Crime fiction also claims a number of delightfully cantankerous characters.
Louise Penny, whose new audiobook in the Three Pines series is GLASS HOUSES (and an Earphones Award winner), has crafted an excellent curmudgeonly specimen in Ruth Zardo. Penny’s expletive-spewing poet may walk around with a rain cloud over her head, but she brightens every scene she enters. Both Ralph Cosham in the early recordings and now Robert Bathurst illuminate her cranky disposition with aplomb, allowing that hidden softie to peek out just around her sharp edges.

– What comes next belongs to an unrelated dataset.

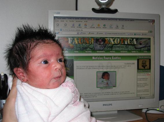 Gracias al equipo de Fauna Exótica de parte de Carla y sus papis, y a todos sus usuarios.Nos ha hecho mucha ilusion ver su fotillo en portada,jajaja.En cuanto pueda le haré unas fotillos al lado de los bichos para colgarlas y seguro que será una usuaria más de este foro en cuanto sepa escribir.

Likewise, Craig Johnson’s retired-sheriff Lucian Connally is hard not to love, despite his disdain for almost everyone and his colorful malapropisms. Lucian may be the ultimate sourpuss, but at the end of the day he’s got Walt Longmire’s back, and you’re never in doubt with George Guidall’s pitch perfect performances, either.
A slightly different Lucien—John Grisham’s Lucien Wilbanks (A TIME TO KILL, THE LAST JUROR, and SYCAMORE ROW)—has a darker disposition than Connally and Zardo, but his angry, self-destructive ways qualify him for the curmudgeon title. Michael Beck was tasked with voicing this grumpy guy for the latter two titles.
And sometimes it’s the main character who takes on the role of malcontent. Jussi Adler-Olsen’s Carl Mørck, Ian Rankin’s John Rebus, and of course the king of crime’s curmudgeons, Sherlock Holmes, all lead their series with a perpetual scowl and a regular infusion of wit. Many a narrator has had a go at Sherlock, but Mørck has come to life through the strong narration of Graeme Malcolm, and James MacPherson IS John Rebus.
I mention the narrators so pointedly in this post because it’s been my experience that the depiction of these curmudgeonly characters can be the maker or breaker in many of these audiobooks. They are tricky characters. Yes, they are grumpy, grouchy, and often crass, and if you met them briefly on the street, you’d likely turn and run. But the authors want you to see the element the characters are trying to hide of themselves. So the narrator has to be able to suss it out and still maintain the crabby shell. Performing the curmudgeon well is an art, and these narrators do it beautifully.
Who are some of your favorite curmudgeons from crime fiction?